За помощь в работе крестьяне согласились приютить горожан. Для себя семья вырыла специальный схрон, замаскированный травой. Там ночевали и прятались во время бомбежек. Никто не знал, что прямо возле укрытия однажды встанет лагерь немцев. Правда, через день солдаты ушли из деревни. А раз наступило затишье, Толя с другими ребятами решил порыбачить.

— Идем мимо поля. Только зашли в рожь, кто-то хвать за руку. Смотрим: солдаты в пилотках с красными звездочками. Спрашивают: «Немцы есть?» Мы говорим: «Нет». А они нам: «Марш домой, свои идут!» Мы со всех ног в деревню понеслись, кричим: «Наши идут!» Видим, женщины выбежали, солдат обнимают.

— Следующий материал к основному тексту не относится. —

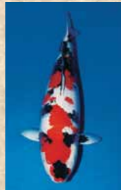
The 49th Niigata Nishikigoi Show (2009) , Second Grand Champion, Over 80 Bu Showa Sanshoku ("Chokansho")

А лейтенант, молодой совсем, командует: «Поднять красный флаг на самое высокое дерево. Населенный пункт занят».

Семья Гарай вновь вернулась в Брест. Закопанные в сарае вещи украли мародеры. Но это не помешало начать новую жизнь. Анатолий Павлович окончил школу, пединститут, работал учителем и журналистом, стал автором книги воспоминаний о военном детстве. Видел писателя Сергея Сергеевича Смирнова. Беседовал с ним в своем саду, где по соседству жил участник обороны крепости Михаил Игнатюк. Видел и архитектора Александра Кибальникова, чьи монументальные скульптуры героической крепости знает весь мир. Не раз сам работал в крепости как репортер. Встречался со школьниками Бреста на уроках мужества.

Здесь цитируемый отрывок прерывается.